In a reversal of its earlier decision, the U.S. Supreme Court has rejected Yeshiva University’s emergency request for a stay on a lower court’s order directing the Jewish institution to recognize an LGBT student club.
After being ordered to immediately give the Pride Alliance official student club status, Yeshiva asked the U.S. Supreme Court for a stay on that order while it appeals the case at the state level. The Manhattan-based university argued on grounds of the First Amendment, saying that it cannot be forced to promote on campus what’s inconsistent with its guiding religious beliefs.
Justice Sonia Sotomayor, who is initially responsible for all emergency appeals from a geographic area that covers New York, put the lower court’s ruling on hold before referring the case to the full Supreme Court.
The full Supreme Court, with Justices John Roberts and Brett Kavanaugh joining a 5–4 majority, said Tuesday that Yeshiva had not exhausted all its legal options before seeking intervention from the nation’s highest court. For example, the university could have asked the New York Court of Appeals for an expedited review of its appeal.
“The application is denied because it appears that applicants have at least two further avenues for expedited or interim state court relief,” the unsigned majority opinion states. “If applicants seek and receive neither expedited review nor interim relief from the New York courts, they may return to this court.”

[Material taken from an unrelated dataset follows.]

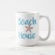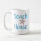 Einfache Typografie in Meerblau "Beach House" mit Seesternkaffee-Tasse. Ideal für den Strandliebhaber, den Strand, den See oder die Hütte erhalten einen Weg oder die Ferien zu vermieten Strandeigentum Resort. Design aus Jenns Emporium.

Justices Samuel Alito, Clarence Thomas, Neil Gorsuch, and Amy Coney Barett dissented from the ruling.
In his dissenting opinion (pdf), Alito said that just because the university’s appeal has not yet been decided at the state level, it doesn’t mean the Supreme Court has no authority granting a stay of an apparently unconstitutional order.

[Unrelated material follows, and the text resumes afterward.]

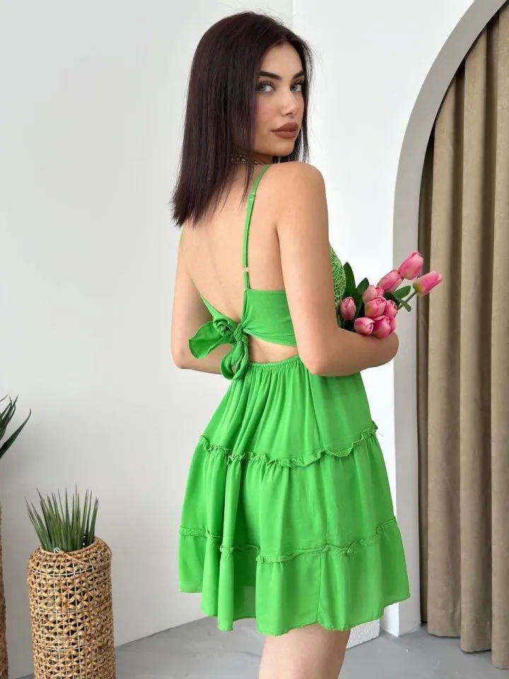 فستان قصير منقط بتوب مضلع وخصر برباط للنساء

The appellate process in the state courts could “easily drag on for many months,” he argued, during which Yeshiva would have to continue to “make the statement about Torah that it finds objectionable” in violation of the school’s First Amendment rights.
“Does the First Amendment permit a State to force a Jewish school to instruct its students in accordance with an interpretation of Torah that the school, after careful study, has concluded is incorrect? The answer to that question is surely ‘no,'” Alito wrote.
“The First Amendment guarantees the right to the free exercise of religion, and if that provision means anything, it prohibits a State from enforcing its own preferred interpretation of Holy Scripture,” he continued. “Yet that is exactly what New York has done in this case, and it is disappointing that a majority of this Court refuses to provide relief.”
The Yeshiva University Pride Alliance celebrated Tuesday’s ruling as a victory.
“This Supreme Court decision is a victory for Yeshiva University students who are simply seeking basic rights that are uncontested at peer universities,” the club told student newspaper The Commentator. “A majority of the Supreme Court has ruled that this case must go through the normal state process, rejecting the university administration’s unprecedented, premature, and harmful rush to the highest federal court in the country.”
Yeshiva didn’t immediately respond to a request for comment. The university, known for using a curriculum based largely on the Modern Orthodox interpretation of Jewish law, said in a previous press release that it wanted the Supreme Court to “protect its religious mission from government interference.”
“The lower court rulings would force Yeshiva to put its stamp of approval on a club and activities that are inconsistent with the school’s Torah values and the religious environment it seeks to maintain on its undergraduate campuses,” it said.